## Task item
Your task is to copy the data exactly while leaving out every picture.
Provided records below:
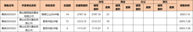 7月,黄山中心城区锦绣江山月、紫荆书院2盘获预售证,新增可预售住宅房源50套,新增可预售住宅面积6235.95㎡。
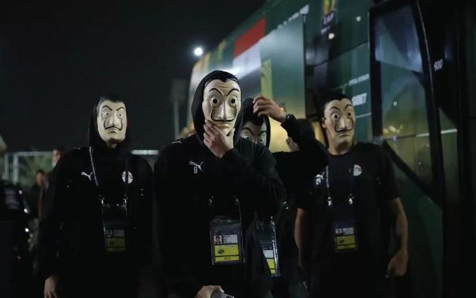 ونشر الحساب الرسمي للاتحاد الافريقي لكرة القدم، عبر موقع التواصل الاجتماعي «تويتر»، مقطع مصور لحظة وصول لاعبو المنتخب مرتدين أقنعة المسلسل الإسباني الشهير «لا كاسا دي بابل» عقب وصولهم ملعب المباراة.
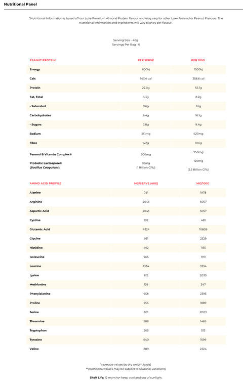 *Note our 2 Peanut Flavours contain Peanut Protein and our 4 non-Peanut Flavours only contain Almond Protein and Faba Bean Protein.
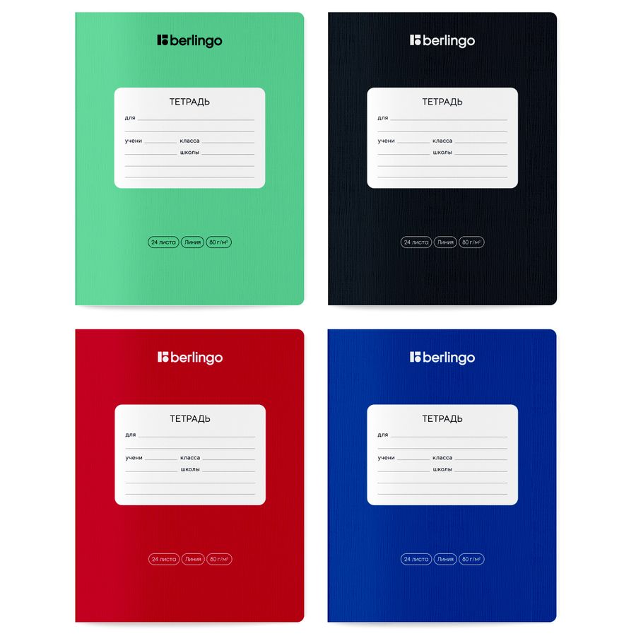 Школьная тетрадь Berlingo серии Classic Pro идеально подходит для выполнения классных и домашних работ. Формат — А5 (165*205 мм). Внутренний блок состоит из 24 листов. Тип крепления — скрепка.Листы сделаны из офсетной бумаги повышенной плотности 80 г/ м². Тетрадь подходит для письма шариковыми, гелевыми и капиллярными ручками. Чернила не просвечивают с обратной стороны листа. Чёткая линовка в линию и поля помогают аккуратно вести записи, что особенно важно для детей, у которых только формируется почерк. Белизна бумаги — 100 %.Однотонная обложка изготовлена из плотного мелованного картона толщиной 190 г/м². Она отличается рельефной текстурой и матовым покрытием, которое приятно на ощупь. Обложка и внутренний блок имеют скругленные уголки. Тетради упакованы в термоусадочную плёнку по 10 штук. В упаковке представлен микс из четырёх ярких цветов: зелёный (3 шт), чёрный (3 шт), красный (2 шт), синий (2 шт).
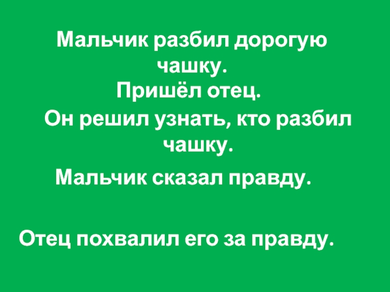 Отец похвалил его за правду.
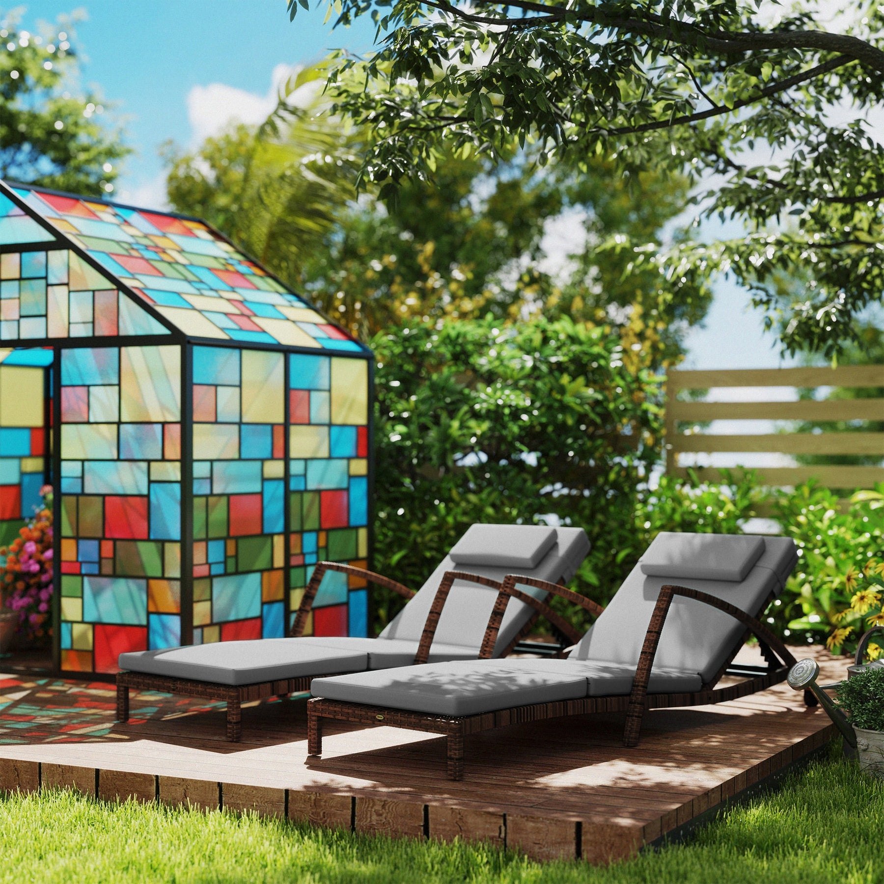 Set of Two Patio Loungers: Relax and unwind in style with this set of two outdoor loungers. The unique S-shaped design offers exceptional comfort by contouring to your body, making it perfect for sunbathing, chatting, reading, or just enjoying a drink by the pool after a swim. Whether you're sitting up, reclining, or lying flat, these loungers have a five-position adjustable backrest that lets you find your perfect position. The convenient wheels make it easy to move and position your loungers anywhere you want to soak up the sun.Enhanced Comfort: Each lounger is equipped with built-in armrests, an integrated cushion, and a head pillow for superior comfort. The splash-resistant zipper covers are easy to clean, and the straps keep the cushions securely in place. You'll have everything you need for a relaxing day outdoors.Robust and Durable Build: Constructed from hand-woven PE rattan wicker and a galvanized steel frame, these loungers are designed to withstand the elements and offer long-lasting durability. The protective foot pads help preserve surfaces, ensuring your loungers remain in great condition for seasons to come.
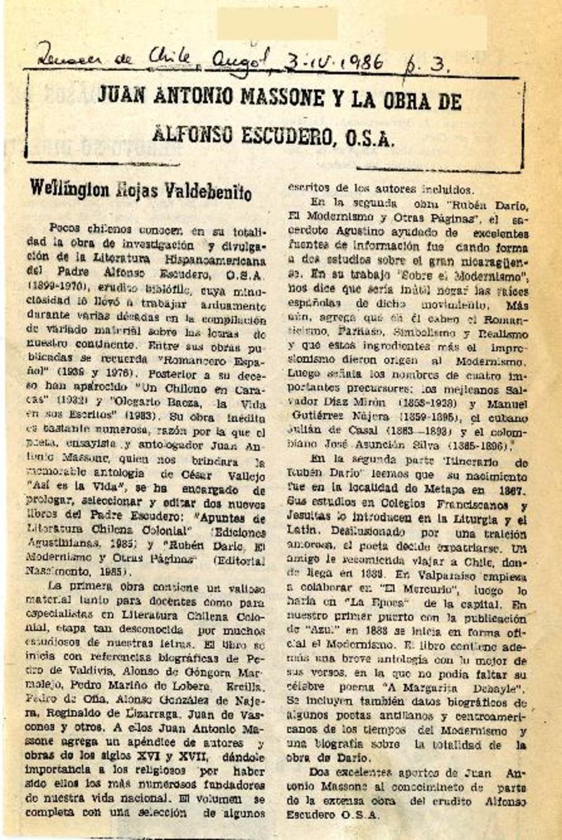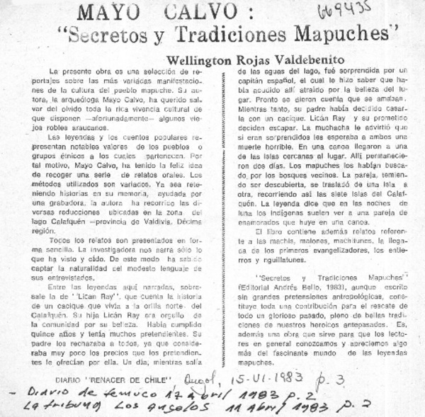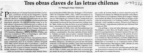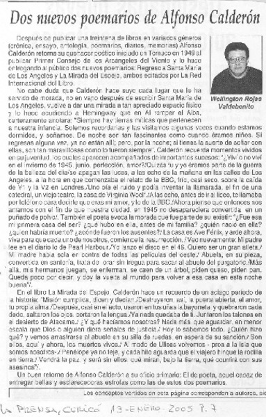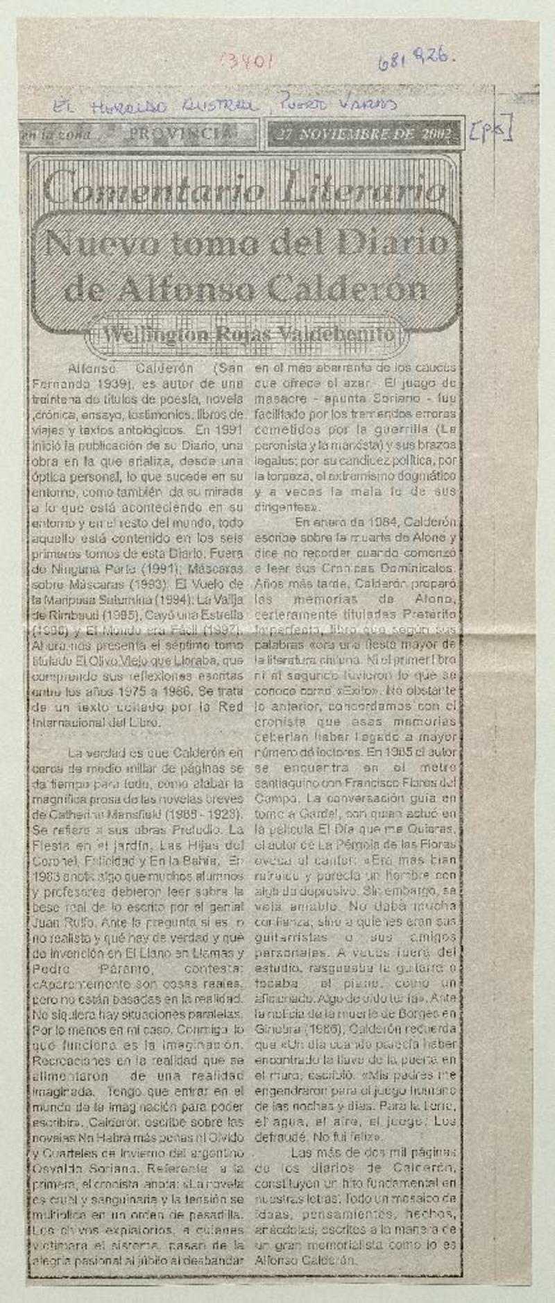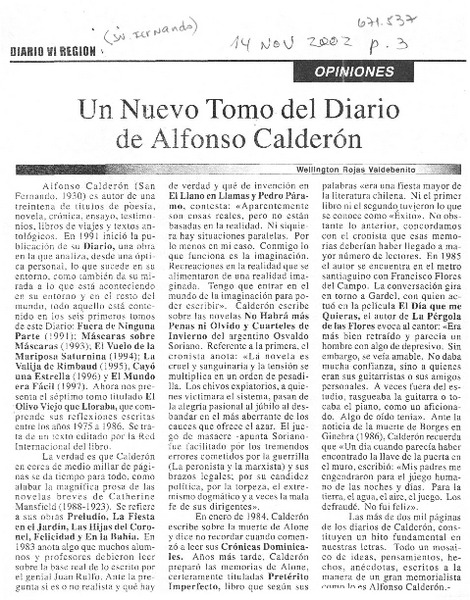 Un nuevo tomo del diario de Alfonso Calderón. [artículo] Wellington Rojas Valdebenito.
End of Provided records.
## Exercise response
 7月,黄山中心城区锦绣江山月、紫荆书院2盘获预售证,新增可预售住宅房源50套,新增可预售住宅面积6235.95㎡。
 ونشر الحساب الرسمي للاتحاد الافريقي لكرة القدم، عبر موقع التواصل الاجتماعي «تويتر»، مقطع مصور لحظة وصول لاعبو المنتخب مرتدين أقنعة المسلسل الإسباني الشهير «لا كاسا دي بابل» عقب وصولهم ملعب المباراة.
 *Note our 2 Peanut Flavours contain Peanut Protein and our 4 non-Peanut Flavours only contain Almond Protein and Faba Bean Protein.
 Школьная тетрадь Berlingo серии Classic Pro идеально подходит для выполнения классных и домашних работ. Формат — А5 (165*205 мм). Внутренний блок состоит из 24 листов. Тип крепления — скрепка.Листы сделаны из офсетной бумаги повышенной плотности 80 г/ м². Тетрадь подходит для письма шариковыми, гелевыми и капиллярными ручками. Чернила не просвечивают с обратной стороны листа. Чёткая линовка в линию и поля помогают аккуратно вести записи, что особенно важно для детей, у которых только формируется почерк. Белизна бумаги — 100 %.Однотонная обложка изготовлена из плотного мелованного картона толщиной 190 г/м². Она отличается рельефной текстурой и матовым покрытием, которое приятно на ощупь. Обложка и внутренний блок имеют скругленные уголки. Тетради упакованы в термоусадочную плёнку по 10 штук. В упаковке представлен микс из четырёх ярких цветов: зелёный (3 шт), чёрный (3 шт), красный (2 шт), синий (2 шт).
 Отец похвалил его за правду.
 Set of Two Patio Loungers: Relax and unwind in style with this set of two outdoor loungers. The unique S-shaped design offers exceptional comfort by contouring to your body, making it perfect for sunbathing, chatting, reading, or just enjoying a drink by the pool after a swim. Whether you're sitting up, reclining, or lying flat, these loungers have a five-position adjustable backrest that lets you find your perfect position. The convenient wheels make it easy to move and position your loungers anywhere you want to soak up the sun.Enhanced Comfort: Each lounger is equipped with built-in armrests, an integrated cushion, and a head pillow for superior comfort. The splash-resistant zipper covers are easy to clean, and the straps keep the cushions securely in place. You'll have everything you need for a relaxing day outdoors.Robust and Durable Build: Constructed from hand-woven PE rattan wicker and a galvanized steel frame, these loungers are designed to withstand the elements and offer long-lasting durability. The protective foot pads help preserve surfaces, ensuring your loungers remain in great condition for seasons to come.
 Un nuevo tomo del diario de Alfonso Calderón. [artículo] Wellington Rojas Valdebenito.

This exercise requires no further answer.